Tuesday, October 21, 2008

First Steps

The first time I toured Israel I cut my trip short a few days. A parishioner in my congregation passed away and I came back to do the funeral.

Traveling alone with a schedule change flagged my itinerary for the folks at El Al. After being ticketed a very beautiful woman approached me. I am generally unaware of people’s appearance, but this young woman was quite amazing. Later I would discover, this was part of their tactics.

“Where are you traveling,” she asked?

I muttered something about the US as she gently took my tickets. Scanning the pages she said, “what holy sites did you visit during your stay in Israel?”

The question threw me. “I didn’t go to holy sites. We visited archeological sites or historical sites that are mentioned in the Bible. But not holy sites.”
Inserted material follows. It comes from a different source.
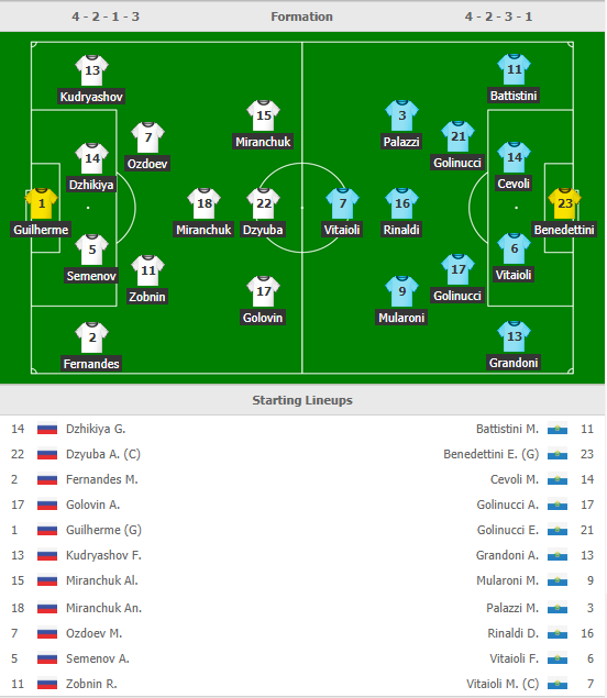 * Nga (4-2-3-1): Guilherme; Fernandes, Semenov, Dzhikiya, Kudryashov; Ozdoev, Golovin; Ionov, Akhmetov, Miranchuk; Dzyuba.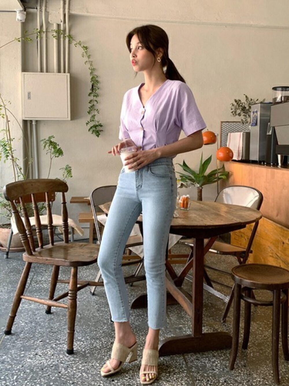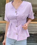 ディーホリックのシャツ/ブラウス「Vネックボタンタックブラウス」を使ったコーディネート

She flashed me a look that discerned I was more a risk to myself than anyone else and then invited me to meet her colleague for my next set of questions. Her colleague had a good four inches on me and at least 60 pounds which means he was enormous. As this hulking tree trunk rummaged through my suitcase I got it. The first person, the woman, was to disarm me; the second was to alarm me.
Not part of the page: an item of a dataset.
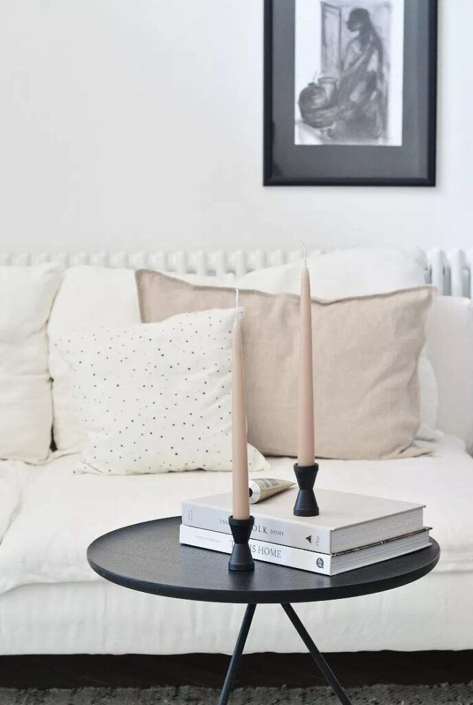 Add a personal touch to your minimalist living room with DIY candle holders. Simple materials like terracotta pots, acrylic paint, and glue can easily transform into chic, custom candle holders. These budget-friendly creations not only serve as a practical lighting solution but also introduce a soft, ambient glow that enhances the room’s overall vibe. Just like in this space, incorporating a unique, handmade detail can elevate the aesthetic of your coffee table or any surface you choose to style.

The impressions the two made have lingered as a fun memory, but what has really stayed with me as a kind of perennial question is the one of “holy site.” Why did I not view the places we visited as “holy”?

My first tour was in 1999. I went to the Church of the Holy Sepulchre, the Dome of the Rock, and the Wailing Wall. All of which are considered as the most holy of sites by three major religions of the world. Why did I not share their sense of awe?

Part of the answer was the nature of the visit. I was invited by Princeton Seminary to travel with classmates five years out of seminary. The trip was subsidized by a lovely donation from an Atlanta businessman and it was led by professors and directed by the leading archeologists in the Holy Land. The trip, then, had the feel of an academic endeavor. We talked a lot about competing theories for interpreting archeological finds; we found every site couched in caveat with the words “this isn’t the real site, but it’s a traditional one"; and our guide was doing his PhD in Hebrew studies so there was little that he didn’t doubt.

Another big part of the answer of not seeing the Holy Land as holy was the Protestant strain in me that said, God makes us Holy, God makes the church holy, not the building, not the place upon which we stand. Holiness was within the soul, not within a relic or surrounding a spot.

Yet, in the years that followed my first visit, I have changed my tune. If I were asked the same question by the El Al security person, (what holy sites did you visit?), I would start rattling off the churches of St. Helena and the tombs of this figure and that prophet, and it wouldn’t be just an attempt to avoid having my bag searched. It was a change of heart.